# Taking care of business with a 10/22



## Darren (May 10, 2002)

"Gently" modded 10/22s used by the Israeli Defense Force. Big, bad and loud isn't always desirable.

http://www.rugertalk.com/The-plinker-went-to-war-The-IDFs-Ruger-10-22-Ruger-Talk.html


----------



## Veedog (May 4, 2015)

Quite the reflex can on there.
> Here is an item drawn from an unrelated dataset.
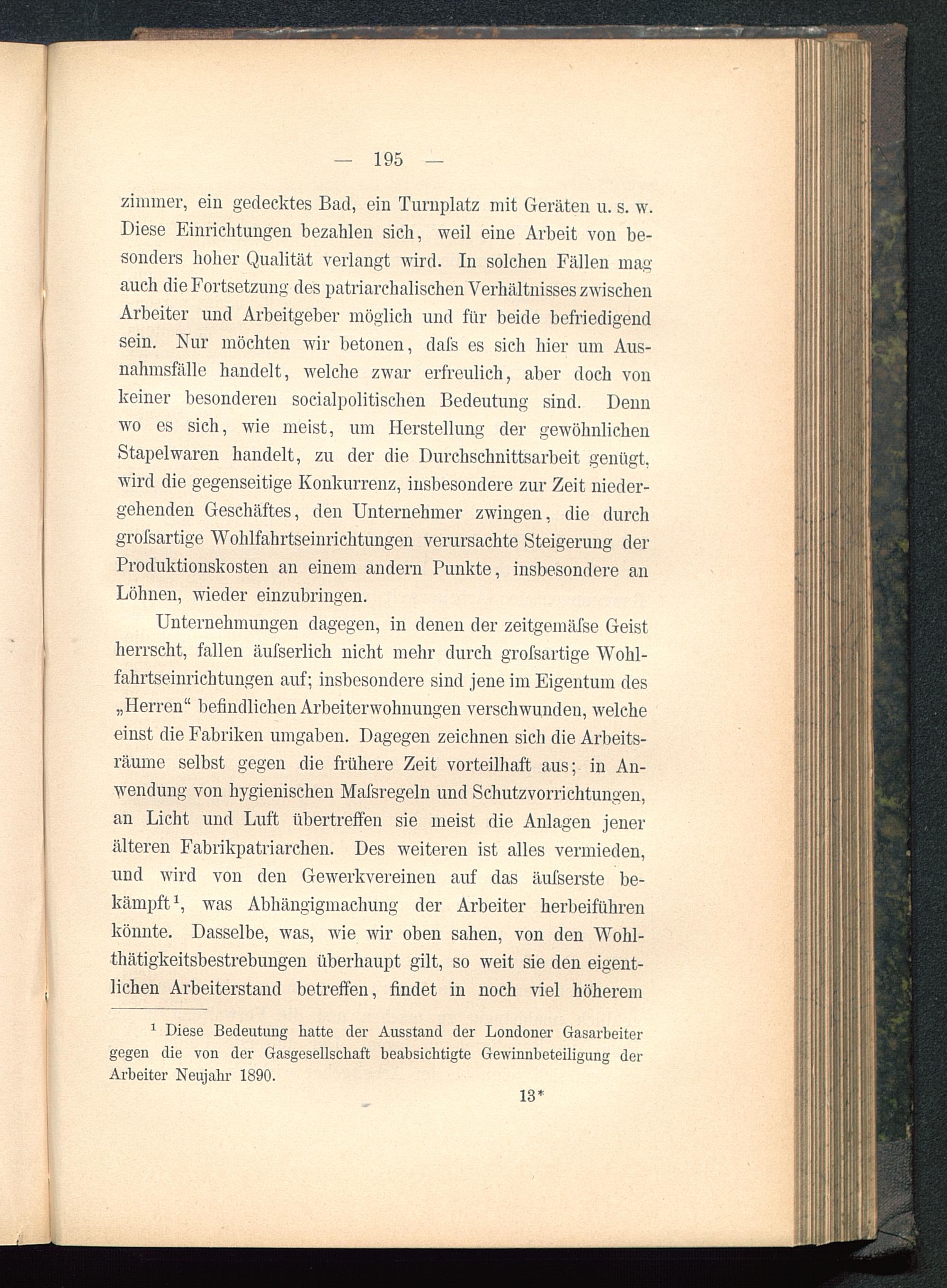 Unternehmungen dagegen, in denen der zeitgeinäfse Geistherrscht, fallen äufserlich nicht mehr durch grofsartige Wohl-fahrtseinrichtungen auf; insbesondere sind jene im Eigentum des„Herren" befindlichen Arbeiterwohnungen verschwunden, welcheeinst die Fabriken umgaben. Dagegen zeichnen sich die Arbeits-räume selbst gegen die frühere Zeit vorteilhaft aus; in An-wendung von hygienischen Mafsregeln und Schutzvorrichtungen,an Licht und Luft übertreffen sie meist die Anlagen jenerälteren Fabrikpatriarchen. Des weiteren ist alles vermieden,und wird von den Gewerkvereinen auf das äufserste be-kämpft 1 , was Abhängigmachung der Arbeiter herbeiführenkönnte. Dasselbe, was, wie wir oben sahen, von den Wohl-thätigkeitsbestrebungen überhaupt gilt, so weit sie den eigent-lichen Arbeiterstand betreffen, findet in noch viel höherem

And the scope they really dial for serious elevation. Wonder if they take out rock throwers in the knee with those things. I'll bet you only hear the action on that thing.


----------



## GREENCOUNTYPETE (Jul 25, 2006)

here is a good read on the subject http://www.ruger1022.com/docs/israeli_sniper.htm

initially the intended use was to take out the legs of key protesters in a less than lethal application when it was introduced in 1987 a ruger 10/22 fully suppressed with a 4x scope
budget issues stopped it's wide spread deployment ( this seems interesting to me because in 1987 you could buy a ruger for a hundred dollars , and a few hours machine time and you could have just such a rifle , yet the m16 had to cost near 800 dollars or more in 1987 dollars )
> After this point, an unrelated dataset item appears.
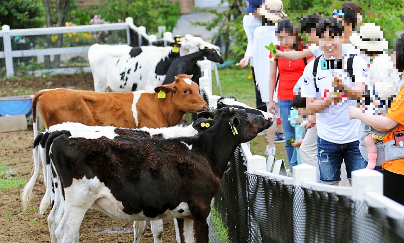송아지들에게 우유를 주는 체험도 있고 큰 젖소들에게 먹이를 주는 체험도 있었습니다.

it them became a "hush puppy" used to take out noisy dogs before operations in an area 

it then saw use with protests again in 2000 but then underwent more leathaility testing after several protesters died from their injuries and was found to be much more lethal particularly in upper body hits than originally thought


----------



## mustangglp (Jul 7, 2015)

I wonder if they use the 60 gran SSS Aguila ammo I have some and it packs a punch for the noise level. It would be very handy for trouble makers out to a 100 yards or so .


----------



## alleyyooper (Apr 22, 2005)

And yet there are people that scoff at a 22lr as a concealed carry weapon. 

 Al


----------



## GREENCOUNTYPETE (Jul 25, 2006)

a little ballistic insight into why the 22lr seems so effective relative to it's size 

[ame]https://www.youtube.com/watch?v=WDvdjdzB_ro[/ame]
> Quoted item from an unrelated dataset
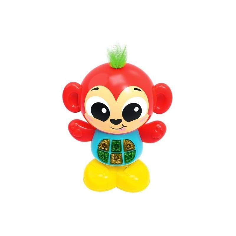 Skoczek Małpka Gotowi na małpie „podskoki"? Ten uroczy zwierzak posiada sprężyste nóżki, dzięki czemu można go przycisnąć, słuchając przy tym zabawnych odgłosów sprężynowych skoków! Zabawka mówi po polsku i zna aż 25 różnych dźwięków oraz melodii, w tym także edukacyjną piosenkę. Za uruchamianie poszczególnych funkcji odpowiadają świecące przyciski na brzuszku małpki. Zielona czuprynka wyposażona została w sensor dotyku, dzięki czemu, po dotknięciu jej, usłyszymy zabawne odgłosy. Cechy produktu: - 25 dźwięków i melodii; - świecące przyciski; - edukacyjna piosenka; - wesołe melodie; - włochata czuprynka - sensor dotyku; - ruch sprężynowy; - regulacja głośności; Baterie: 3 x LR14 (zawarte w zestawie) Wiek: 2+

pay arrention to the solid 

these were moving at some very different velocities 1640 1420 , 1260 and 1240

the 1420fps hp at 40gr traveled the ideal fbi depth of more than 12 but less than 16 inches in gel the solid passed all the way through 16 inches of gel and lefte the most interesting wound cavity at about 6-10 inches this is where a round nose solid flips and continues through the rest of the block tail first in most cases 

a 22lr at near the muzzle is very similar balistically to a 223 at 650 yards 

these 22lr were shot from a rifle with a most likely 18 inch barrel they should be doing close to what the box velocity states with a little help from our friends at ballistics by the inch http://www.ballisticsbytheinch.com/22.html ,we can see that from a pistol with say a 3 inch barrel like the phenix hp-22 that retails for a hole 135 dollars locally they are likely to be doing around 900fps so sub sonic as depending on conditions the speed of sound is around 1100 fps yet likely to still make close to the 12 inches of penetration

this makes it lethal as it can easily reach vital organs so it is not to be taken lightly it's potential 

the other thing is often any gun will do as criminals do not like getting shot , it doesn't work well for them in their health plan 

is it likely to be an instant stop , probably not but most other pistol calibers don't produce instant stops either 

I wouldn't scoff at a 22 but it wouldn't be my ideal carry gun either , but if it is the biggest thing you can shoot accurate well and fast , carry on 

Mossad the Israeli version of the CIA used berretta tomcats http://www.beretta.com/en-us/21-a-bobcat/ in some of their covert operations , they were easy to acquire , small easy to conceal and were for very up close work 

if you can get holes both lungs nothing is long for the world without serious medical help fast, but a lot longer than you might hope if they are attacking you


----------



## Darren (May 10, 2002)

If nothing else some of the recent one shot defensive kills show how effective a smaller caliber 9mm & .380 can be close up. Trayvon Martin lost both lungs and his heart to one bullet.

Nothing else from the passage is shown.